それでも君と、はじめての恋を
「ちょっと待った! それ、まさか駅ビルでやってるくじ引きぃ!?」
「なんだ池田。そうだけど文句あんのか」
冷え切った空気が凍って亀裂まで入った気がしたのは、3組全員が理解したから。
「ふっざけんな安部ぇぇええ!!!」
「テレビとかゲームは!? くじ引き券って……はあ!?」
「詐欺だ! 要らねえそんなの! 商品券よこせぇえええ!」
先程までの歓喜はどこへやら。
打って変わって安部ちゃんへの不満を口にする3組の生徒に、今度は安部ちゃんが猛反発を開始する。
「ハズレくじないんだから有難く思え! つうか全員分のテレビもゲームも用意できるわけねえだろ常識で考えろバカめ! 欲しけりゃ自分で当ててこいやぁっ!」
「ふざけんな――! ハズレなしのくじ引きなんて大半ポケットティッシュしか当たらねえんだよ! 学食タダ券のがマシだっつーの!!」
言い争う安部ちゃんと3組の生徒を唖然と眺める他の生徒や、止めに入る教師たちで宴会場は急に慌ただしくなる。

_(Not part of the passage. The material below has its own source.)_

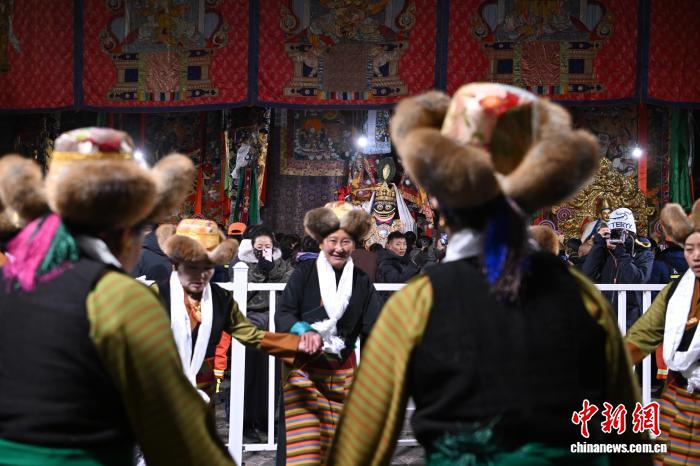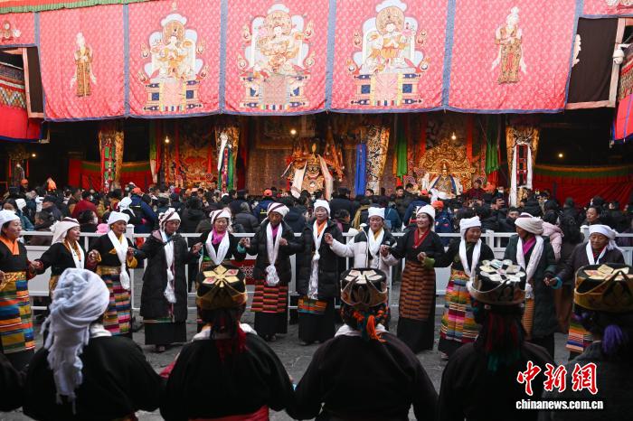 图为身着民族服装的信众在大昭寺内载歌载舞。中新社记者 贡嘎来松 摄

……え。何? 結局、あたしが欲しい商品券は貰えないってこと? 自分で当ててこいって…………マジで?
「は~あ……さっすが安部ちゃんって感じぃ~」
「まあウチら学食使わないし、いいんじゃない。別に」
純と葵の言葉に少なからず同意の気持ちを抱いていると、モモがあたしの顔を覗いた。
呆然としていたからショックを受けてるのかと思ったのか、モモの少し心配そうな顔になんでか笑いが込み上げてくる。
「ははっ! く、くじ引き券だって……っ! 喜び損だったね!」
あとから後から込み上げてくる笑いにお腹を押さえてモモに体の右半分を寄り掛からせると、つられるように純と葵も笑っていた。
もう、本当にやってくれる。あんなに必死こいて走ったっていうのに、安部ちゃん最悪すぎる。
でも、こんな結果も悪くない。
あたしも純も葵も笑ってるし、モモだって可笑しそうにしてくれてるから。やっぱり安部ちゃんには感謝しようかな、なんて。
こうして林間学校最後の夜は、予想外の形で幕を開けることになった。